Given records:
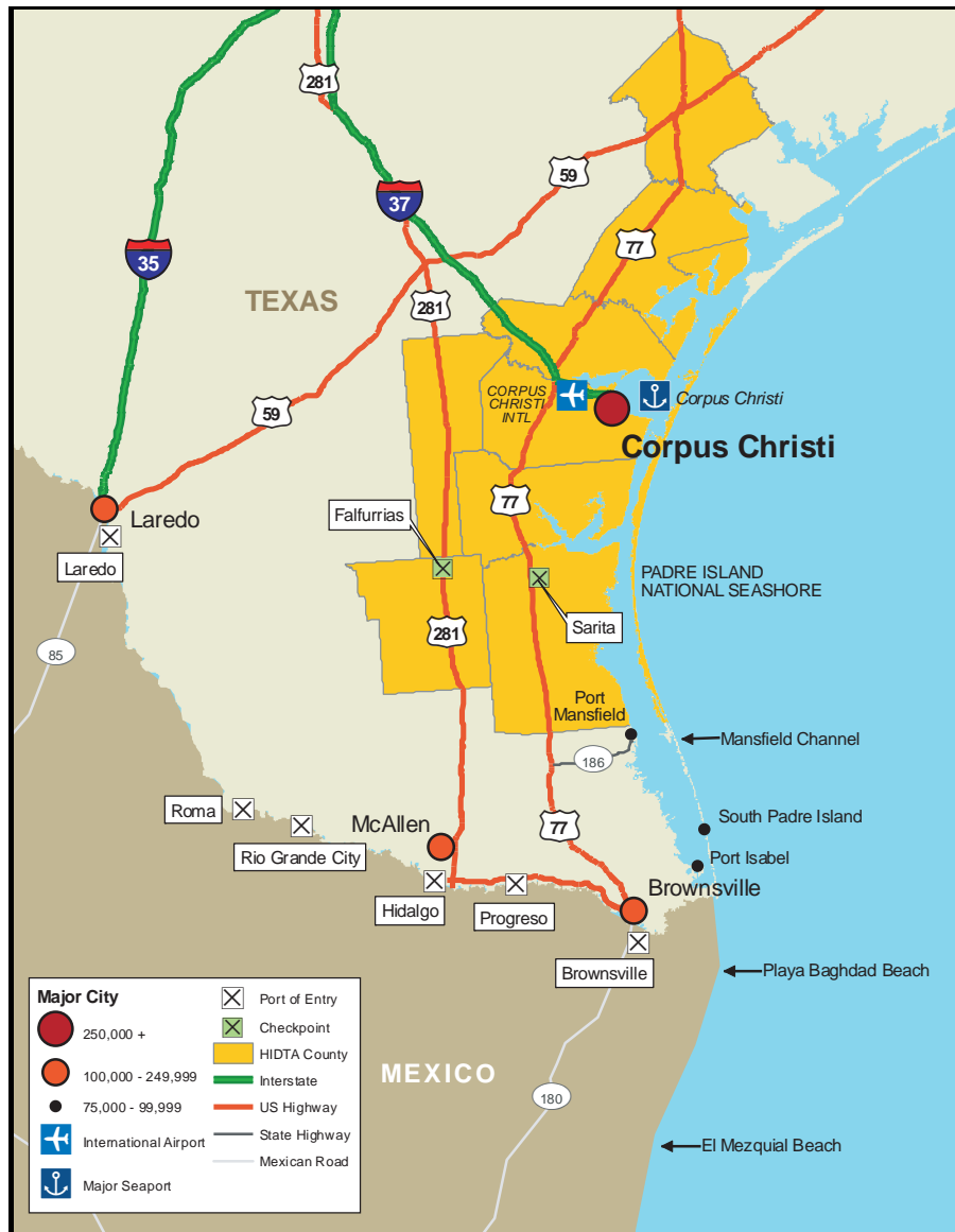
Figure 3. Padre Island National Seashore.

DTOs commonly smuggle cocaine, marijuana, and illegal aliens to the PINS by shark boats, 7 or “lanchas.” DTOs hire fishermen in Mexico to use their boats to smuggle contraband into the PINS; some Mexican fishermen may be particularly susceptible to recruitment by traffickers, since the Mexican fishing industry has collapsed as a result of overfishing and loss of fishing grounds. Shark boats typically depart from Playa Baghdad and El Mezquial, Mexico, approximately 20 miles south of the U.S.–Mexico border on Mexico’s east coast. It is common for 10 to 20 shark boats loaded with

* * *

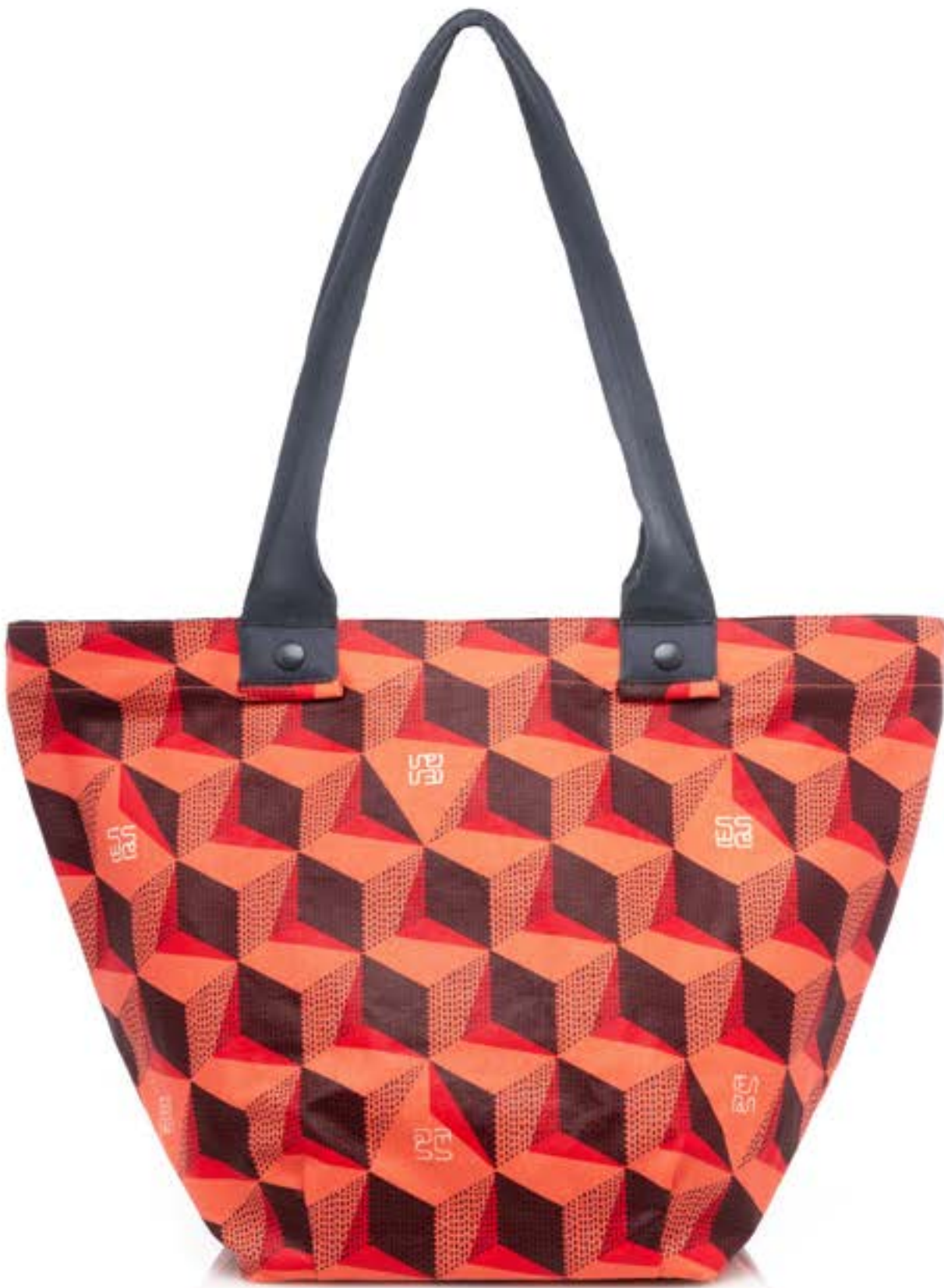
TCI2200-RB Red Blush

What is expected:
A verbatim transcription is needed of the lines above, starting at the line with "Figure 3. Padre Island National Seashore." and ending at the line with "DTOs commonly smuggle", both included, and of nothing else.

Answer to the problem:
Figure 3. Padre Island National Seashore.

DTOs commonly smuggle cocaine, marijuana, and illegal aliens to the PINS by shark boats, 7 or “lanchas.” DTOs hire fishermen in Mexico to use their boats to smuggle contraband into the PINS; some Mexican fishermen may be particularly susceptible to recruitment by traffickers, since the Mexican fishing industry has collapsed as a result of overfishing and loss of fishing grounds. Shark boats typically depart from Playa Baghdad and El Mezquial, Mexico, approximately 20 miles south of the U.S.–Mexico border on Mexico’s east coast. It is common for 10 to 20 shark boats loaded with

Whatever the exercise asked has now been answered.